Los mercados evitan el castigo a la deuda pública y los diputados laboristas aplauden las medidas de ayuda social aprobadas en los presupuestos
Ya no podía pasar nada peor. 45 minutos antes de la hora prevista, una filtración inesperada de las principales medidas económicas que el Gobierno de Keir Starmer se disponía a anunciar en el Parlamento añadía caos y bochorno a una jornada que se anticipaba ya tensa política y económicamente.

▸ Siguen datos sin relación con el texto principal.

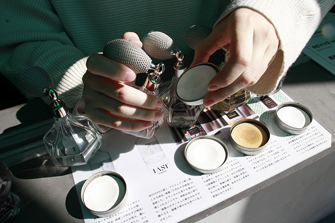 香水のようにジンのアロマを楽しむ、という斬新なプレゼンテーションがおもしろい。蔵前散策のお供にと、テイクアウトでジントニックの販売もしている。

Y sin embargo, ...
la ministra de Economía del Reino Unido, Rachel Reeves, ha demostrado este miércoles la extraordinaria herramienta política que pueden llegar a ser unos presupuestos generales del Estado. Sometida a un escrutinio casi insoportable por parte de los mercados, sus propios compañeros de partido y los medios, que presentaban este momento como la hora de la verdad, como el hundimiento o la salvación de la segunda persona más poderosa del Gobierno británico, Reeves ha logrado sobrevivir al reto con un triple equilibrio.
En primer lugar, sus cuentas han anunciado un colchón financiero extra para el Gobierno de más de 25.000 millones de euros para los próximos cinco años, lo que permitirá en teoría mantener la inversión pública prometida y que las reglas de equilibrio fiscal se respeten. Los mercados, nerviosos en un primer momento, han decidido evitar un castigo como el que impusieron al Ejecutivo británico hace quince días.